I am trying to create a panel dataset for multiple variables across years. My data is in the following format in RStudio:
2012 2012 2012 2012 2013 2013 2013 .....
Name Var1 Var2 Var3......Var10 Var1 Var2...Var10.....
X 1 4 20 .......
Y 2 7 25 ......
Z 3 9 26 ...... and so on for each variable across years
I want to create a panel dataset for these that looks like
Name Year Var1 Var2 Var3....Var10
X 2012
Y 2012
Z 2012
X 2013
Y 2013
Z 2013
I have created the panel in the following steps:
Merged top two rows so the variables read as - 2012.Var1, 2012.Var2
Used the gather function to create a separate dataset for each variable as
Name Year Var1 X 2012.Var1 1 Y 2012.Var2 2 X 2013.Var1 and so on
I then combined the sheets to form one dataframe in the desired format
For step 1:
colnames(df) <- paste(colnames(df), df[1, ])
For step 2:
Var1 <- df %>% gather(year, Var1, `2012.Var1`,`2012.Var2`and so on)

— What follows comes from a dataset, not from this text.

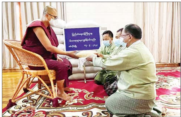
ကျောင်းတိုက်၊ ရန်ကုန်တိုင်းဒေသကြီး သမန်းကျွန်းမြို့နယ်ရှိ စွန်းလွန်းဂူ ဝိပဿနာကျောင်းတိုက်နှင့် ရှမ်းပြည်နယ် တောင်ကြီးမြို့နယ်ရှိ အောင်မေတ္တာပရိယတ္တိစာသင်တိုက်တို့သို့ ဆန်ကြာဆံများကို လည်းကောင်း ဆရာတော်၊ သံဃာတော်များအတွက် တာဝန်ရှိသူများက သွားရောက်ဆက်ကပ် လှူဒါန်းခဲ့ကြကြောင်း သိရသည်။ သတင်းစဉ်

နေပြည်တော် စက်တင်ဘာ ၁၅ ပြည်ထဲရေးဝန်ကြီးဌာန၊ တပ်ဖွဲ့ဝင်/ဝန်ထမ်းအရာထမ်း၊ အမှုထမ်းမိသားစုများက မြို့နယ်အသီးသီးရှိ ဘုန်းတော်ကြီးကျောင်းများသို့ ဆွမ်းဆန်တော်နှင့် ဆန်ကြာဆံများ ဆက်ကပ်လှူဒါန်းလျက်ရှိသည်။ ထိုသို့လှူဒါန်းလျက်ရှိရာ ယနေ့တွင် နေပြည်တော်ကောင်စီနယ်မြေဒဂုံဏာသီရိမြို့နယ်ရှိ သဒ္ဓမ္မဝေပုလ္လပရိယတ္တိစာသင်တိုက်၊ စစ်ကိုင်းတိုင်းဒေသကြီး စစ်ကိုင်းမြို့နယ်ရှိ မဟာစကြာစာသင်တိုက်၊ မွန်ပြည်နယ် မော်လမြိုင်မြို့နယ်ရှိ ဆန်တန်းကျောင်းသစ်ကျောင်းတိုက်၊ ရခိုင်ပြည်နယ် စစ်တွေမြို့နယ်ရှိ ကျားရုပ်ပရိယတ္တိစာသင်တိုက်၊ ရန်ကုန်တိုင်းဒေသကြီး ဒဂုံမြို့သစ်အရှေ့ပိုင်းမြို့နယ်ရှိ တိပိဋကမဟာဂန္ထဝင်နိကာယ်ကျောင်းတိုက်၊ မင်္ဂလာတောင်ညွန့်မြို့နယ်ရှိ မဟာဝိဇယာရာမကျောင်းတိုက်၊ ရန်ကင်းမြို့နယ်ရှိ အောင်ချမ်းသာပရိယတ္တိစာသင်တိုက်တို့သို့ ဆွမ်းဆန်တော်များကိုလည်းကောင်း၊ ကချင်ပြည်နယ် မြစ်ကြီးနားမြို့နယ်ရှိ မဟာဂန္ဓာရုံတိုက်သစ်ကျောင်းတိုက်၊ မကွေးတိုင်းဒေသကြီး မကွေးမြို့နယ်ရှိ အောင်မြေရတနာစာသင်တိုက်၊ မန္တလေးတိုင်းဒေသကြီး မဟာအောင်မြေမြို့နယ်ရှိ ကင်းဝန်မင်းကြီးကျောင်းတိုက်၊ အောင်မြေသာစံမြို့နယ်ရှိ ကုသိုလ်တော်ရိပ်သာ

Creating a Dataset for Var1
- did the same for all the variables
For step 3:
new_data = cbind(Var1,Var2, ..., Var10) # Combining Different Datasets
names(new_data)
While the code worked to create the dataframe, it is however, extremely tedious and time consuming when the variables are large in number and spread across years. I'm looking for an easier way to create the same dataframe?